It’s about time I turn this blog back to another aspect of parenting that I’ve thought a lot about. And, as we’ve already seen in the past, it is quite possible that what I believe to be acceptable might inch me ever closer to the “bad” parent label in the eyes of some. So…what am I talking about?
Cursing. Cussing. Swearing. Profanities. Obscenities. Bad words. No-nos. It goes by different names depending on who you are, but you get the gist of it.
I’ll be upfront and say that, as a parent, I don’t tend to get upset when my kids say something R-rated. Sure, if they turn into George Carlin at the dinner table I’ll tell them that it’s time to dial it down, but only due to the assault on my ears and subsequent headache it gives me. I can tell when they’re cursing just for the hell heck of it and when that happens it just comes off as tacky. That’s what I really object to, I suppose. Language should be used with beauty at all times and sometimes the right F-bomb really gets the point across. But machine gun spraying the word around for no reason is disrespectful to verbiage itself. As if I’m one to talk (I can see my family rolling their eyes now)….but we won’t get into that.
I don’t mind them cursing (and for the sake of reminding everyone, my daughter is 14 and my son 21, we’re not talking toddlers here), because, for starters, they’re intelligent kids. I know this. It’s not like they can’t think of a better word or are only capable of lifting expressions from the last Seth Rogen film they saw. No, they have an amazing vocabulary and excellent communication skills — so if they use a curse word, I assume it’s because that’s the best way to represent the feelings they’re trying to express. Fair enough.
Secondly, they’re smart enough to know to calm their tongues way down when around positions of authority (oh wait, isn’t that what a parent is supposed to be…we’ll get back to that another day) and in inappropriate places. My daughter would never give an oral book report on Pride and Prejudice and litter the essay with profanities. Nor would my son ever make liberal use of the word shit in front of his grandparents. They both know where and when…and in front of me, it’s fine. Why?
That brings us to our third point and one that might be most up to debate. To me, curse words are just that…words. The only reason they have power is because people decided they mean something. But they don’t mean much to me. I refuse to recognize the profound implications of a one syllable word. I understand that not everyone shares these beliefs and I respect that. I certainly am not spilling offensive remarks all over town unaware of how others perceive the words.
Showing respect for the “audience” to whom one is speaking is paramount. I’m just saying that when hit with a cuss word, there really is no effect. I don’t vibrate with any profound emotion because again…it’s just a word.
Now, that being said, and being of the contradictory nature that I am, there are certain words that are indeed off-limits in my house, even with a free-wheeling parent such as myself. This isn’t so much because they are curse words as it is because they are derogatory and hateful words. Indeed, there are some non-curse words that are off-limits in my house for the same reason.
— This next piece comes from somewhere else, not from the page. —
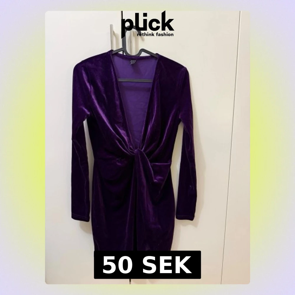 Snygg lila sammetsklänning med lång ärm och djup v-ringning. Klänningen har ett knyt framtill som ger en cool twist och markerar midjan. Kort modell som passar perfekt till säsongens alla tillfällen. Perfekt för dig som vill sticka ut!
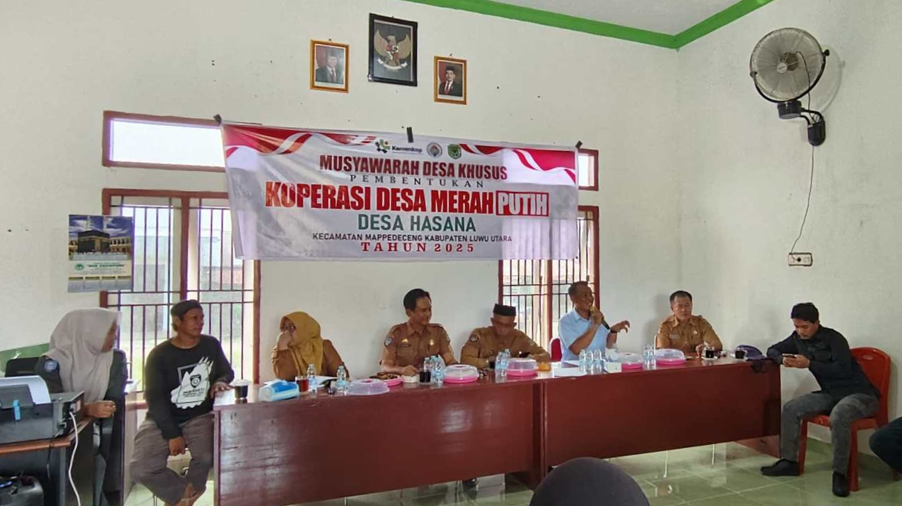 Matapublik-Luwu Utara, Desa Hasana, Kecamatan Mappedeceng, Kabupaten Luwu Utara, melaksanakan Musyawarah Desa Khusus (Musdesus) untuk pembentukan Koperasi Desa Merah Putih. Kegiatan ini dihadiri oleh berbagai unsur masyarakat desa, Kepala Desa, Dinas PPKUKM Luwu Utara, perangkat desa, tokoh masyarakat, tokoh pemuda, BPD, kepala dusun, dan pendamping desa.

Let’s admit it, sometimes the right curse word in the right situation is the best. Quite often they are the most accurate way to convey a particular emotion (just ask Lewis Black); and why should we limit ourselves by not using what is at our disposal? The trick to all of it (of course there’s a trick, there’s always a trick) is to know, understand, and respect your audience. It’s important to have respect for oneself as well.
As I tell my kids, don’t come off looking stupid just because you think it’s cool to use a curse word when you know very well that a better, more appropriate, word would do — have more respect for yourself. Respect is a great deal more important than freedom of speech. At least in my house…which, contrary to outward appearances, has never been much of a democracy to begin with.